Here, we see that the "carafe_tag_engine" is used in three different steps: "entity_tag", "nationality_tag", and "all_entity_tag". This last step adds two annotation sets, rather than one. When a trainable engine defines a default model, the model path is suffixed with both the language and the step name when it's referenced and used, so these three cases will be kept separate. We also see that the "trivial_relation_tag_engine" is used in the "relation_tag" step. All four of these steps are mixed steps; so you'll be able to annotate the sets they add by hand de novo, or pretag and correct if a model is available.

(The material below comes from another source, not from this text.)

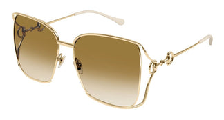 Descubra a essência da sofisticação com os óculos de sol Gucci Gg1020S para mulher. A sua armação quadrada num dourado deslumbrante captura a luz com cada movimento, enquanto o metal premium garante uma leveza excepcional. As lentes gradal em tom castanho suavizam o brilho do sol, proporcionando uma visão clara e serena. As hastes, desenhadas com precisão artesanal, culminam numa ponte que traz elegância e conforto. Um acessório essencial para quem aprecia o luxo intemporal.

Finally, we have the workflows and workspaces (and then we end the task and the file):

   240	    <workflows>
241 <workflow name='Mixed Initiative Annotation' undoable="yes">
242 <step pretty_name='zone' name='whole_zone'/>
243 <step pretty_name='tokenize' name='carafe_tokenize'/>
244 <step name='entity_tag' pretty_name='tag entities'/>
245 <step name='nationality_tag' pretty_name='tag nationalities'/>
246 <step name='relation_tag' pretty_name='tag relations'/>
247 </workflow>
248 <workflow name='Review/repair all steps'>
249 <step name='correct'/>
250 </workflow>
251 <workflow name='Demo'>
252 <step pretty_name='zone' name='whole_zone'/>
253 <step pretty_name='tokenize' name='carafe_tokenize'/>
254 <step pretty_name='tag all entities' name='all_entity_tag'/>
255 <step pretty_name='tag relations' name='relation_tag'/>
256 </workflow>
257 <workflow name='Align'>
258 <step pretty_name='zone' name='whole_zone'/>
259 <step pretty_name='tokenize' name='carafe_tokenize'/>
260 <step name='align'/>
261 </workflow>
262 </workflows>
263 <workspaces default_config="Mixed Initiative Annotation">
264 <workspace workflow='Mixed Initiative Annotation'/>
265 </workspaces>
266 </task>
267 </tasks>

The "Mixed Initiative Annotation" workflow illustrates how multi-step mixed initiative works: it contains several mixed steps, each responsible for a different content annotation set. The annotator will complete the entity annotations, and then the nationality annotations, and then the relation annotations. In each case, the annotator will have the option of pretagging; most significantly, the annotator will have the opportunity to correct the spans before pretagging the relations.